One option is the Bell-Textron V280 Valor tilt-rotor aircraft, he said.
“Valor gives us the range and speed that we need to be able to transverse to Indo-Pacific or any theater and gives us the standoff to survive,” he said.
“They took the lessons learned from the Osprey, and they applied it to the V280, so the whole engines don’t move,” he said.
“It’s a smaller aircraft than the Osprey, but it’s bigger than the Black Hawk on the cabin, so it gives us the speed and the range. It doesn’t give us an increase in patient capacity, six litters, but what it does do is allow us to spread those patients out further to enable more room in between the patients to be able to do that critical care,” he said.
“I want to go big with the big Black Hawk; a lot of folks want to go small,” he said.
“We still need to invest in Blackhawk because they’re gonna be around till 2060,” he said.
“There’s probably needs to be a balance of both but to get into big weights, you lose range currently just because the technology is not there to haul heavy weights over long range just because of the demands of uplifting the payload with electric or hybrid type of power plants over,” said Fricks.

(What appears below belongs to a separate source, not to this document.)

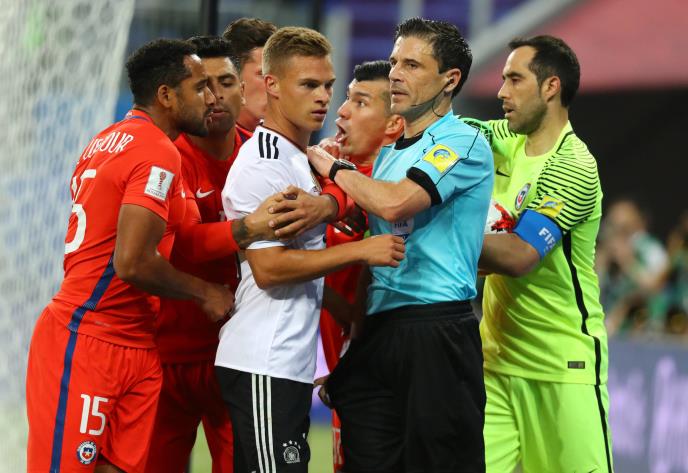 Fudbalske reprezentacije Čilea i Nemačke igraju finale Kupa konfederacija na stadionu "Krestovski" u Sankt Peterburgu, a pravdu deli srpski arbitar Milorad Mažić.

Aircraft medical facilities are also equipped with medic enhancement sets that enable advanced monitoring and interventions,” he said. “We have a disparity between that and our on our ground vehicles and on the air vehicles ISR encounter ISR is critical to fires.” ISR is shorthand for intelligence, surveillance and reconnaissance.
The colonel said another consideration learned from the war in Ukraine is that the standard Army ambulances are inadequate.
He said one example is a batch of 40 Army ambulances donated to Ukraine in 2018.
“All of them were destroyed the first week, and this is really what’s informing our modernization efforts for the protective wheel ambulance,” he said. “It’s unknown if this was a direct target or if this was collateral damage, but the result is the same.”
Fricks said Futures Command is developing a new protected-wheeled, armored and fast ambulance. This new ambulance would have to replace the M997A, the tactical High Mobility Multipurpose Wheeled Vehicle, or Humvee, ambulance. “We’re still fielding the 997A3 which was a billion-dollar modernization effort for which we’re not going to be able to use it during the LSCO.”
The colonel said for him, LSCO is an evacuation problem that must be solved, using the lessons from Ukraine, before the Army becomes engaged.
“If the front is as bad as it is in Ukraine as we expect it to be with China, treatment is going to be further to the rear,” Fricks said.
“How do we move those patients? How do we keep them alive en route through overextended distances?” he asked.
“I think a prolonged care is prolonged care in route over two to three-hour rides either in the ground vehicle or track or an aircraft,” Fricks said.
“Currently, China and Russia are completely different when it comes to this maneuver; survivability is dependent upon clearing the battlefield—this is something that we don’t simulate very well in our warfighters.”
The U.S. military is maneuver-centric, the colonel said.
“We focus on maneuver, not necessarily sustainment and medical.”
The Medical Readiness and Training Command, Joint Base San Antonio Fort Sam Houston, Texas, executes mission command over three Medical Training Brigades, which are paired with three Regional Training Sites-Medical. These brigades and training sites train military medical professionals to execute duties across the full range of military operations.
The MRTC, a subordinate organization under the Army Reserve Medical Command, the Army Reserve’s medical training institution, also sponsors the Global Medic Exercises and other collective and individual training events and courses.